1.12      The cost of the National Rental Affordability Scheme package, of which the National Rental Affordability Scheme Bill 2008 and the National Rental Affordability Scheme (Consequential Amendments) Bill 2008 are a part, is estimated at $622.6 million over four years (including administration costs).

National Rental Affordability Scheme (Consequential Amendments) Bill 2008

1.13      The National Rental Affordability Scheme (Consequential Amendments) Bill 2008 amends the Income Tax Assessment Act 1997 (ITAA 1997) as a consequence of the substantive provisions in the National Rental Affordability Scheme Bill 2008. Amendments will enable entities participating in the Scheme to claim a refundable tax offset in their annual tax return, or through lodgement of a short form application by not-for-profit entities who would not ordinarily lodge a tax return. Amendments will also rule out any capital gains tax consequences from the receipt of incentives under the Scheme. [5]

1.14      The Bill makes provision for particular claimant circumstances, prescribing arrangements for access to the scheme in each case. Particular circumstances addressed include where a claimant:

  • is an individual, company or a superannuation fund; or
  • is a party to a non-entity joint venture; or
  • receives the tax offset indirectly (such as in the case of a trust).
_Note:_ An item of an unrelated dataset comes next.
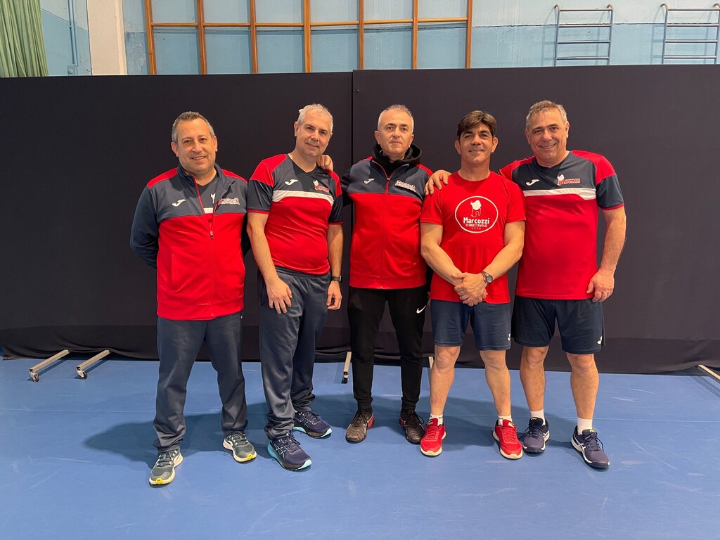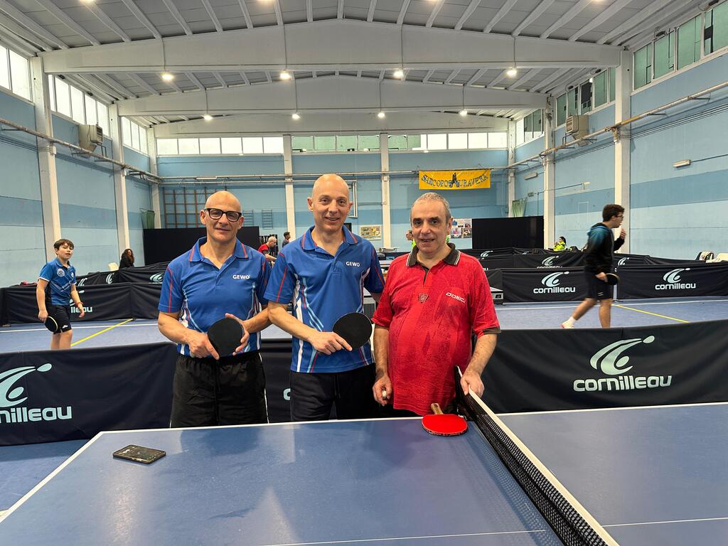 Giuseppe Curreli, Paolo Marinelli, Stefano Manca (Marcozzi Boss): “Per noi una giornata che ricorderemo: a Muravera la Marcozzi Boss (quattro giovanotti tendenti ai sessanta anni, insieme al giovane di squadra, Aldo Puleo, che ne ha appena 49) vince il campionato ed i play off e ottiene il pass per l’accesso alla D 1. Tutta la squadra ha partecipato alla vittoria, ma il merito principale deve essere dato a Licio Rasulo e a Stefano Manca, che anche in occasione dei play off hanno offerto ottime prestazioni, uscendo sempre vincitori nei rispettivi incontri. Inedita la formula di gioco per la D2, che costringeva a schierare da subito i più forti, dato che l’incontro veniva aggiudicato da chi vinceva per primo 4 delle sei partite a referto. La giornata particolare della Marcozzi Boss inizia col botto, con l’incontro più difficile contro la squadra di Iglesias. La partita non parte bene, perché Paolo Marinelli, ancora assonnato, non riesce ad entrare nel match contro Roberto Pili. Seconda partita durata meno della prima in cui Licio, al quinto set, prevale su Mauro Usai, nell’incontro forse più difficile della giornata. Stefano Manca vince a fatica contro un coriaceo Maurizio Vacca per 3-1. Nel resto del match, vittorie più agevoli di Stefano Manca sull’affaticato Mauro Usai e di nuovo Licio Rasulo su Roberto Pili. La giornata prosegue col match tra Marcozzi e Olbia. Entra Giuseppe Curreli, anche lui con poche ore di sonno in corpo e infatti perde in tre set contro Pier Paolo Melis. Anche questa volta Licio e Stefano vincono le restanti partite senza particolari problemi, salvo qualche patema per Licio contro Melis, che lo trascina fino al quinto set. Contro la Muraverese i boss Licio e Stefano riposano e rivive il nucleo storico della ex Cagliari TT, composto da Paolo Marinelli, Aldo Puleo e Giuseppe Curreli. La partita per la verità non è stata impossibile, perché affrontiamo i padroni di casa che non schierano Gianluca Mattana, rimasto in panchina. Paolo fatica, ma batte Alberto Piras. Giuseppe ha la meglio in tre set con Federico Cuccu e poi replica la vittoria sempre in tre set con Alberto Piras. Aldo incappa in un match difficile contro Marco Dessì, con cui perde al quinto. Il quarto punto lo conquista Paolo, riscattando il compagno di squadra e prevalendo in quattro set su Marco Dessì.

1.15      Amendments will also ensure that state and territory contributions to entities participating in the Scheme, whether in cash or in-kind, are non-assessable and non-exempt income for taxation purposes, ensuring that the after-tax treatment of assistance provided by state and territory governments is equivalent to the refundable tax offset.[6]

 

Conduct of the inquiry

1.16      The inquiry was advertised in The Australian and posted on the Committee's website calling for submissions by 24 October 2008. The Committee also wrote to relevant organisations and individuals to notify them of the inquiry and to invite submissions. The Committee received 26 public submissions as listed in Appendix 1.

1.17      The Committee conducted public hearings in Canberra on 6 November 2008. Witnesses who appeared before the Committee are listed at Appendix 2.

 

Acknowledgement

1.18      The Committee thanks those who made written submissions to the committee, and who gave oral evidence at the committee's hearings.